Apple’s next high-end silicon has surfaced in its first benchmark — and the numbers are substantial.
A Geekbench 6 result for a 16-inch MacBook Pro powered by the new M5 Max chip appeared online, showing the fastest CPU performance ever recorded for an Apple silicon processor. While the listing remains unconfirmed, the results point to a meaningful generational jump.
If accurate, the M5 Max is now Apple’s most powerful consumer chip to date.
Apple M5 Max’s Multi-core performance sets a new record
In the leaked result, the 18-core M5 Max posted a multi-core Geekbench 6 score of 29,233.
That surpasses the 27,726 score achieved by the 32-core M3 Ultra inside the Mac Studio. It also places the M5 Max ahead of every other consumer PC processor currently listed in the Geekbench database.
Here’s how it compares:
| Mac Model | Multi-Core Score |
| MacBook Pro (M5 Max) | 29,233 |
| Mac Studio (M3 Ultra) | 27,726 |
| MacBook Pro (M4 Max) | 25,702 |
| MacBook Pro (M4 Pro) | 22,490 |
| Mac Studio (M2 Ultra) | 21,410 |
| MacBook Pro (M3 Max) | 20,960 |
The result suggests the M5 Max is roughly 5% faster than the M3 Ultra in multi-core workloads, despite having significantly fewer CPU cores (18 vs. 32).
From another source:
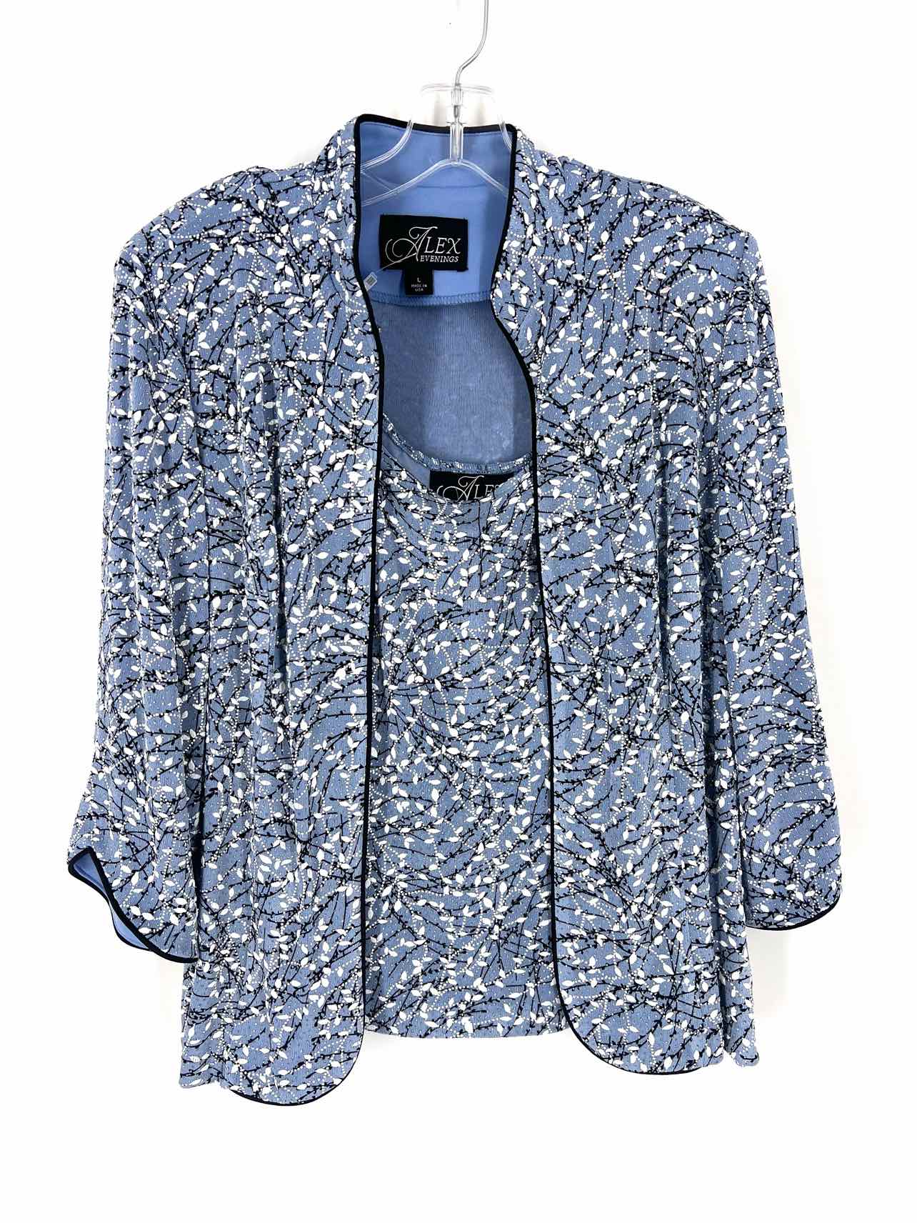 Alex Evenings Size L Bl/Wh/Bk Textured Sequin Formal Wear Cardigan Set

Compared to the 16-core M4 Max, the improvement lands in the 14–15% range.
That aligns closely with Apple’s own performance claims for the new generation.
Single-core performance pushes even higher
Single-core performance also reaches a new high.
The M5 Max recorded a single-core score of 4,268. That figure matches the standard M5 chip found in the base 14-inch MacBook Pro released in October and currently stands as the highest single-core score of any consumer PC processor in the Geekbench 6 database.
It even edges past AMD’s Ryzen 9 series in the same test.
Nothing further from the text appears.